======== Extracted information ========

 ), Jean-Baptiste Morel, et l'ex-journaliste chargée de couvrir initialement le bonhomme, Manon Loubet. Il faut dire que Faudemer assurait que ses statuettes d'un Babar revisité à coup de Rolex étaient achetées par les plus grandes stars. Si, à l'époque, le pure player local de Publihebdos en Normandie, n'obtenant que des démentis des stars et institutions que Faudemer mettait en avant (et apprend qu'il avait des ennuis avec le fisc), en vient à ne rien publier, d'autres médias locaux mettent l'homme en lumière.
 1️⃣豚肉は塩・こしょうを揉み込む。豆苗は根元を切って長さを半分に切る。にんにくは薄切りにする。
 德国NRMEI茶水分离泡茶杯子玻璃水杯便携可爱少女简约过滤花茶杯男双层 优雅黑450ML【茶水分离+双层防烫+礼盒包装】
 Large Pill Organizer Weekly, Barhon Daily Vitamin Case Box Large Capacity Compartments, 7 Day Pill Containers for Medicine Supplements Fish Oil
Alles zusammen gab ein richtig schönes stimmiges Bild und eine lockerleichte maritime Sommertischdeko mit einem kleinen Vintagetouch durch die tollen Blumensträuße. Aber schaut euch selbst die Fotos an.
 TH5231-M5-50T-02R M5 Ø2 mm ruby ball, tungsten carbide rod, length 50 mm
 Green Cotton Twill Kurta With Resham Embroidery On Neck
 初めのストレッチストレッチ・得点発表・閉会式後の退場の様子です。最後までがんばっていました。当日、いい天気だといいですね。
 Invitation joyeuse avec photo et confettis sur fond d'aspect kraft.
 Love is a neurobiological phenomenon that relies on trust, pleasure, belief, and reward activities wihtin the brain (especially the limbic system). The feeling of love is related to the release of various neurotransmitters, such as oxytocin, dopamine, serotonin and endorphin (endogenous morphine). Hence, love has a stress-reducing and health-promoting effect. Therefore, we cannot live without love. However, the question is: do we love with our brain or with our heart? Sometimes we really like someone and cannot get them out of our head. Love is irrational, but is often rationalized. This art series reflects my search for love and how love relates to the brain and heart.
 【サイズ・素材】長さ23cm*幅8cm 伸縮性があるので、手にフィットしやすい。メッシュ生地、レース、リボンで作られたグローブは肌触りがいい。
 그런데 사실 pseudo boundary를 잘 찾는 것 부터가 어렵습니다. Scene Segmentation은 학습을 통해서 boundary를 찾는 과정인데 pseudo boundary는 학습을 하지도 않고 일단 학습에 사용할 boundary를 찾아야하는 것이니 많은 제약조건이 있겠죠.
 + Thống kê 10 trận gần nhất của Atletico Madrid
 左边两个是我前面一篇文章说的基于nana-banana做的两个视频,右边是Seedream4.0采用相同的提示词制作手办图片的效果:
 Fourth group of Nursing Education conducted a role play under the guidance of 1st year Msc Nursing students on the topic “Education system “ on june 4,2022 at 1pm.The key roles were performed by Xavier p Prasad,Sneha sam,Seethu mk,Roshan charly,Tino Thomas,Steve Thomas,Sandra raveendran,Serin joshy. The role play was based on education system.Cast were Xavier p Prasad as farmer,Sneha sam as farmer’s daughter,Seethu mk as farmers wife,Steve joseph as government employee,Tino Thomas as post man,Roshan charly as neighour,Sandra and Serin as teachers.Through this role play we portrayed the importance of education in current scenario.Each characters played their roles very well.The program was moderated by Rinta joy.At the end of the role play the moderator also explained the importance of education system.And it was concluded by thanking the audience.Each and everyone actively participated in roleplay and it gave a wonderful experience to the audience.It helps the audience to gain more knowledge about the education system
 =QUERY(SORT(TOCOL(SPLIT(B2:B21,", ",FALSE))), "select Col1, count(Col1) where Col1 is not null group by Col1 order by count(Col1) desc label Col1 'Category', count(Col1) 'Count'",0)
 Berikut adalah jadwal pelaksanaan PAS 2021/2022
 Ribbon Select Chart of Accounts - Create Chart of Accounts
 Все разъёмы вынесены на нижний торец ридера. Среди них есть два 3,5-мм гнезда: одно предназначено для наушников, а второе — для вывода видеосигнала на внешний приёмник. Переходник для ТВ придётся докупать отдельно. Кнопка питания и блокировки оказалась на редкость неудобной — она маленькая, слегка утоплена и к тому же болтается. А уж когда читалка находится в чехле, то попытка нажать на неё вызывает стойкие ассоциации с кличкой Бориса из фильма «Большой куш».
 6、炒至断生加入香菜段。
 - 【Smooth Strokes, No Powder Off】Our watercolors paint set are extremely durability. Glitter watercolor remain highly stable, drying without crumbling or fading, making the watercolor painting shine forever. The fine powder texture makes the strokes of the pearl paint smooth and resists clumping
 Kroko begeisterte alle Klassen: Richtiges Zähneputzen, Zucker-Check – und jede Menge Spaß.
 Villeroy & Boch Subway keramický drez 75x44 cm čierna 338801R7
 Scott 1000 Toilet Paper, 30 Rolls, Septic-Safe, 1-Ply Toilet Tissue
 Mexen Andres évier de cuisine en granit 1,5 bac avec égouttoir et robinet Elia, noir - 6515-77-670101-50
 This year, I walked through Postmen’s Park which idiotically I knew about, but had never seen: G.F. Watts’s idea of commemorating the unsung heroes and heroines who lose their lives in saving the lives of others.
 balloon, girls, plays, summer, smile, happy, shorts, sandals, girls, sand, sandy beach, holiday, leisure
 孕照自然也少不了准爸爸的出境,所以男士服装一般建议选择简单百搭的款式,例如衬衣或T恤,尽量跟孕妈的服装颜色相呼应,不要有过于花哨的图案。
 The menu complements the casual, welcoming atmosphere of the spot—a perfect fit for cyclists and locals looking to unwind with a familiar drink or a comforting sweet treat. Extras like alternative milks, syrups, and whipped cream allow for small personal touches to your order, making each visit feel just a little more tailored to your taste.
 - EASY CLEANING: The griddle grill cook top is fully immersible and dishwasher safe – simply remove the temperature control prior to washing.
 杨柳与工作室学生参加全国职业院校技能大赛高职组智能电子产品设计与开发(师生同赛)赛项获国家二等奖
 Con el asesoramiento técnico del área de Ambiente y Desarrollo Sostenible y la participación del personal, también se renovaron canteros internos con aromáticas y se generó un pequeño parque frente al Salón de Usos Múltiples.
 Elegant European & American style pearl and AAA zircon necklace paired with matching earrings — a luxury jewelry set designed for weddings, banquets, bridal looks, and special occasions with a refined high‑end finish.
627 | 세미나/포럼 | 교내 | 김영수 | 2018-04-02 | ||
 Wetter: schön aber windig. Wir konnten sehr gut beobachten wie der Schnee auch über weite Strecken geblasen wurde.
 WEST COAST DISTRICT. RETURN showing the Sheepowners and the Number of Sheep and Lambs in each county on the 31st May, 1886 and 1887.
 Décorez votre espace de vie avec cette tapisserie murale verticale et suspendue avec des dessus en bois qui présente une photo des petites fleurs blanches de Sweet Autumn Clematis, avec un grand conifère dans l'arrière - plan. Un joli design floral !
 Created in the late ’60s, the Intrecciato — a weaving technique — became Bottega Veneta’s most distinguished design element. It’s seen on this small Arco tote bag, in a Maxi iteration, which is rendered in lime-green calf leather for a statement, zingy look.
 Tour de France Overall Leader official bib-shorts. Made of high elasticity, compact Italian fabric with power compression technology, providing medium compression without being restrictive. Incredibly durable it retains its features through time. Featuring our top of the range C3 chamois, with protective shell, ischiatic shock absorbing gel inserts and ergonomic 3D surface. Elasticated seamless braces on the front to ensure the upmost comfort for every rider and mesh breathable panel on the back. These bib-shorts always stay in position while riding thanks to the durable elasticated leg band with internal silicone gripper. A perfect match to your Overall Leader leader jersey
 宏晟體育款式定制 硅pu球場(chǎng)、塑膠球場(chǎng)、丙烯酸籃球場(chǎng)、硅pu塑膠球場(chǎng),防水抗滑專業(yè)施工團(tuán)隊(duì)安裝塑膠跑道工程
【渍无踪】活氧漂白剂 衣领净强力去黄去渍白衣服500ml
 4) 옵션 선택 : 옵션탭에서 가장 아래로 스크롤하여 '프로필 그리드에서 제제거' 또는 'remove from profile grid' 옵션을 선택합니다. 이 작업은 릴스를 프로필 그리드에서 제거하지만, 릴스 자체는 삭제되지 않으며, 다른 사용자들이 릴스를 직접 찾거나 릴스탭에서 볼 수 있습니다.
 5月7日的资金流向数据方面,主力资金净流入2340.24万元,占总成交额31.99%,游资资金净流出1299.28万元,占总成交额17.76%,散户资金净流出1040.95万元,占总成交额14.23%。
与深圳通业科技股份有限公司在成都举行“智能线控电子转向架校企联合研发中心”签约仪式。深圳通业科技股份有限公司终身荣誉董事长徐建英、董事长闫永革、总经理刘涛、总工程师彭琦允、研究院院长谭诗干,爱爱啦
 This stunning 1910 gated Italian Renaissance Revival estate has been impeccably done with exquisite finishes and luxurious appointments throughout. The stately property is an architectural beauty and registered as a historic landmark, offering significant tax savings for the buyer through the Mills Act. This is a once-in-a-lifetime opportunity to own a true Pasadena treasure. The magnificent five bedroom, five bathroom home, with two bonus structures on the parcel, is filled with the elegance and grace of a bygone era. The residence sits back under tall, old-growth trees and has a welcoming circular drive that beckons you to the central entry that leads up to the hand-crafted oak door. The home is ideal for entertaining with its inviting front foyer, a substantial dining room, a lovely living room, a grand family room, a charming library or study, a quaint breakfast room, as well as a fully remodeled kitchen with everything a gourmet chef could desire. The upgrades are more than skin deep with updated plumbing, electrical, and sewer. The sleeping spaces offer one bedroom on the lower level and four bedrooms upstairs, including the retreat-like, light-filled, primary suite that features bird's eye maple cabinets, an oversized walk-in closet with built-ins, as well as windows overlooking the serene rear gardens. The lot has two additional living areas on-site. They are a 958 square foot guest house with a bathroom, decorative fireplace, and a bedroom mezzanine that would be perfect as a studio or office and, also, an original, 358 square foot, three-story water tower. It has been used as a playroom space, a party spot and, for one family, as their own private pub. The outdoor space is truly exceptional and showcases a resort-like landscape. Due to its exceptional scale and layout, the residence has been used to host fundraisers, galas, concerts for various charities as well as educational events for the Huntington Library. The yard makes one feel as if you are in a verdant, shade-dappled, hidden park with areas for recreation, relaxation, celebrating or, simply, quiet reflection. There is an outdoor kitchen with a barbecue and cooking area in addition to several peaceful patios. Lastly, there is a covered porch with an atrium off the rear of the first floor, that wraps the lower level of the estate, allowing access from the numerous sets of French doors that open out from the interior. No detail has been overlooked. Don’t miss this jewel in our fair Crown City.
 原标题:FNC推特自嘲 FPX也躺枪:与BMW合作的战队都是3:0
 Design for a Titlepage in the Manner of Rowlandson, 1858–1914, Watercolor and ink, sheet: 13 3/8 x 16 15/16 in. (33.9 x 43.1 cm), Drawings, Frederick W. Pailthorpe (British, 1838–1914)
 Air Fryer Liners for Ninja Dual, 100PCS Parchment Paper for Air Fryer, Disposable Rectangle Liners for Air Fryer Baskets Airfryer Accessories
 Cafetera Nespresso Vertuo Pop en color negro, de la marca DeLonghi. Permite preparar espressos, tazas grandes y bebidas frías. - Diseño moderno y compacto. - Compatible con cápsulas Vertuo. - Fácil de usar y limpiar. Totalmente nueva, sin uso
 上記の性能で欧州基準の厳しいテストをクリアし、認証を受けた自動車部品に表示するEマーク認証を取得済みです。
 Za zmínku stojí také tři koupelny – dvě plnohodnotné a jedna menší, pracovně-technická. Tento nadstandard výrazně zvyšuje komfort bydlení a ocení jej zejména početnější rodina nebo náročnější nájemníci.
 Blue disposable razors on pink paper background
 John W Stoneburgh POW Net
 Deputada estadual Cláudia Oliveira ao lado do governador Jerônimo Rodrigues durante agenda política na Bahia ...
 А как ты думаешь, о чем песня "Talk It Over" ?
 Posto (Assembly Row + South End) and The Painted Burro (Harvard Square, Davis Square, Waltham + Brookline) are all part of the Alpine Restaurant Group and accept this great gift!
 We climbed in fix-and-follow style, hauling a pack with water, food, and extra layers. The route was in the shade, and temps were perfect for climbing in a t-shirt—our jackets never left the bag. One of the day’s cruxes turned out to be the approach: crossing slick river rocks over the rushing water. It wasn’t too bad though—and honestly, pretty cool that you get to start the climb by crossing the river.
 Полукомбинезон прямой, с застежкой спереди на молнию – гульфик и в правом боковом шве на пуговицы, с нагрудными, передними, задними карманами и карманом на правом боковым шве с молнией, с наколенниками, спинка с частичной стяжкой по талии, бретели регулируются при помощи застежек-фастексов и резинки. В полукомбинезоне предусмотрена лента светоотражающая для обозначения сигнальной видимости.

========

What is being asked: Which lines run from the one holding "4) 옵션 선택 : 옵션탭에서" through the one holding "与深圳通业科技股份有限公司在" in the records above? Repeat them exactly, both included, and nothing more.

Written solution:
 4) 옵션 선택 : 옵션탭에서 가장 아래로 스크롤하여 '프로필 그리드에서 제제거' 또는 'remove from profile grid' 옵션을 선택합니다. 이 작업은 릴스를 프로필 그리드에서 제거하지만, 릴스 자체는 삭제되지 않으며, 다른 사용자들이 릴스를 직접 찾거나 릴스탭에서 볼 수 있습니다.
 5月7日的资金流向数据方面,主力资金净流入2340.24万元,占总成交额31.99%,游资资金净流出1299.28万元,占总成交额17.76%,散户资金净流出1040.95万元,占总成交额14.23%。
与深圳通业科技股份有限公司在成都举行“智能线控电子转向架校企联合研发中心”签约仪式。深圳通业科技股份有限公司终身荣誉董事长徐建英、董事长闫永革、总经理刘涛、总工程师彭琦允、研究院院长谭诗干,爱爱啦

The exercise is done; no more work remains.